# CS848: The art and science of empirical computer science

## Assignment: Visualization Project

**Description:** At a high-level, for this visualization project, I would like you to perform exploratory data analysis on a bibliometric dataset of your choice. From this exploration, I would like you to come up with one or more interesting observations or questions to ask. And then, I would like you to build a visualization that either "makes the points" or answers the questions that you posed.

### 1. Exploratory data analysis on a bibliometric dataset of your choice:


* The data set I chose is [DBLP](https://qlever.cs.uni-freiburg.de/dblp/jzdksf). 
* [DBLP](https://qlever.cs.uni-freiburg.de/dblp/jzdksf) allows you to run SPARQL queries to get bibliometrics about:
   * Papers
   * Their authors
   * The affiliation of the authors
   * Conferences in which those papers are published
   * etc.

### 2. Observations or questions to ask:
[CSRankings](https://csrankings.org/) provide **per institution** rankings for different CS fields.
We are interested in a similar ranking but **per country**.

More specifically, for **a given field** (for example: cloud), **What are the rankings by country?**


### How to answer this question?

[DBLP](https://qlever.cs.uni-freiburg.de/dblp/jzdksf) provides the backend information needed to execute SPARQL queries from any where.

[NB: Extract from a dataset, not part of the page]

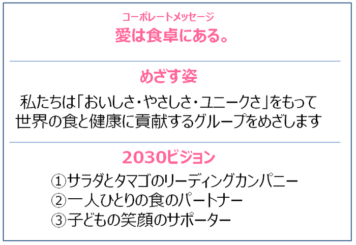 キユーピーグループはコーポレートメッセージ「愛は食卓にある。」に込めた想いのもと、サラダとタマゴを中心に、「おいしさ・やさしさ・ユニークさ」をもって世界の食と健康に貢献することをめざしています。この「めざす姿」を実現するため、2030年に“どうありたいか”を表した「キユーピーグループ2030ビジョン」では、①サラダとタマゴのリーディングカンパニー、②一人ひとりの食のパートナー、③子どもの笑顔のサポーター、の3つの視点を掲げています。

The following function can excute a query that takes the parameters:
* keywords: a list of keywords that are used to determine the desired field. The titles of the returned papers will contain at least one of those keywords.
* conferences: a list of the conferences that we want to consider in our search.
* years: (from_year, to_year).

This query will return the following information:
* paper 
* title 
* author 
* conference 
* affiliation 
* year

In [2]:
from SPARQLWrapper import SPARQLWrapper, JSON
import pandas as pd
import matplotlib.pyplot as plt
from iso3166 import countries
import ipywidgets as widgets
from IPython.display import clear_output

def query(keywords, conferences, years):
    sparql = SPARQLWrapper("https://qlever.cs.uni-freiburg.de/api/dblp")
    sparql.setReturnFormat(JSON)

    sparql.setQuery(f"""
    PREFIX dblp: <https://dblp.org/rdf/schema#>
    SELECT ?paper ?title ?author ?conference ?affiliation ?year WHERE {{
      ?paper dblp:title ?title .
      ?paper dblp:publishedIn ?conference .
      ?paper dblp:yearOfPublication ?year .
      ?paper dblp:authoredBy ?author .
      ?author dblp:affiliation ?affiliation . 
      FILTER REGEX(?title, "{'|'.join(keywords)}") .
      FILTER REGEX (?conference , "{'|'.join(conferences)}") .
      FILTER (?year >= "{years[0]}") .
      FILTER (?year <= "{years[1]}") .
    }}
    """
    )
    query_res = sparql.queryAndConvert()

    cols = query_res['head']['vars']
    rows = []
    for res in query_res['results']['bindings']:
        row = []
        for col in cols:
            if col in res:
                row.append(res[col]['value'])
            else:
                row.append("")
        rows.append(row)


But, the returned information does not contain the country!

We need to find a way to detect it from the affiliation. This function checks if the last part in the affiliation represents a country according to the [iso3166](https://pypi.org/project/iso3166/) standard. 


In [None]:
def country(aff):
    res = "Cannot tell"
    if "," in aff:
        # If the country is mentioned in the affiliation,
        # it will usually after the last ",".
        candidate = aff.split(",")[-1]
        # Clean the extracted name
        if candidate.startswith("The"):
            candidate = candidate.replace("The", "")
        candidate = candidate.strip()
        
        if candidate in countries:
            res = countries.get(candidate).name

    return res